Coroutines implement a single-threaded concurrency model. An event loop schedules multiple coroutines. During I/O wait, the loop switches to another coroutine. It’s ideal for I/O-bound tasks, especially asynchronous network I/O (non-blocking sockets, event notifications, etc.). File I/O, however, might still be blocking on many operating systems, though newer Linux kernels have io_uring
and AIO to support asynchronous file operations.

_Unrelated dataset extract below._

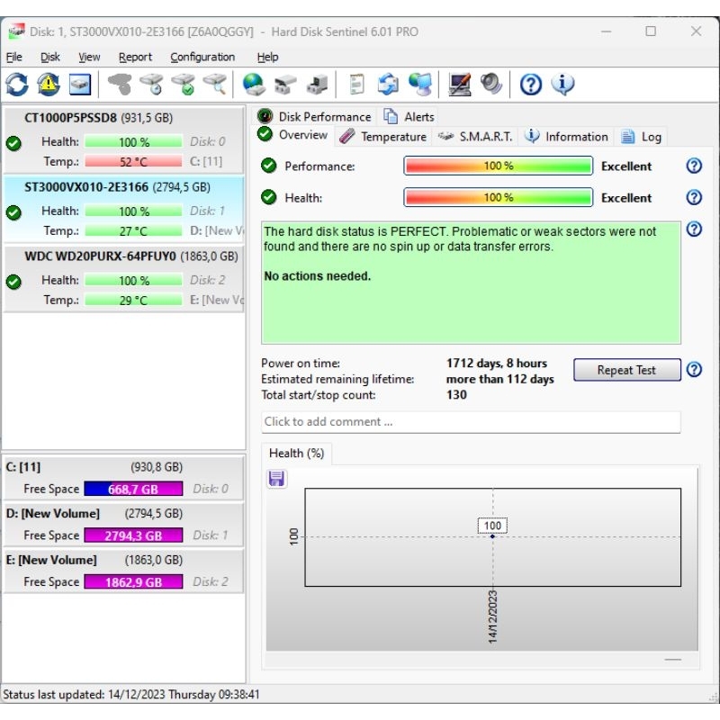 Hard Disk Seagate SkyHawk 3TB HDD CCTV Desktop PC Sentinel Health 100%

Note that for CPU-bound tasks, asyncio may not help since it’s still single-threaded.
RAG
For some tree-based structure, you may prefer it over llama-index. For example, HierarchicalNodeParser
splits and returns a list of nodes. Internally, you might need get_deeper_nodes
to retrieve the nodes at a particular level. Under the hood, it’s just iterating the list in a certain order. If you directly want to retrieve nodes from a certain tree level (like sentences), you can do it in if you maintain a dict of nodes by level.
Common evaluation metrics for RAG:
- Accuracy, Precision, Recall, F1
- Mean Reciprocal Rank (MRR): focuses on the position of the first relevant result; closer to 1 is better.
- Normalized Discounted Cumulative Gain (nDCG): considers ranked lists and relevance scores. Values closer to 1 are better.
CUDA
Shared memory does not overflow silently; an overflow will raise errors.
Modern hardware usually links memory usage to speed. Saving memory often saves time.
In CUDA, the typical model is one thread handles a single computation. Many blocks are scheduled by the hardware. Instead of a for
loop in one thread, you have thousands of threads, each doing a small piece of work.
Machine Learning Basics
Linear Regression: fit a line/plane for input-output relationships.
Logistic Regression: pass a linear model through a logistic (sigmoid) function for binary classification.
Support Vector Machine (SVM): use different kernels (linear, polynomial, Gaussian) to map data into a high-dimensional space, then find a linear separating hyperplane.
K-Nearest Neighbors (KNN): find the nearest points, use majority vote or average to predict.
Decision Tree: iteratively split on feature conditions.
Random Forest: an ensemble of decision trees.
Naive Bayes: assumes independence among features (not always realistic).
K-Means Clustering: an unsupervised method that groups data into clusters by minimizing within-cluster variance.
Gradient Boosted Decision Trees (GBDT): builds decision trees in sequence, each new tree fitting the residual (negative gradient) from the previous model.
- XGBoost is a common implementation.
- LightGBM uses histogram-based algorithms, leaf-wise growth, plus GOSS (focuses on large gradients) for efficiency.
- CatBoost has built-in support for categorical features.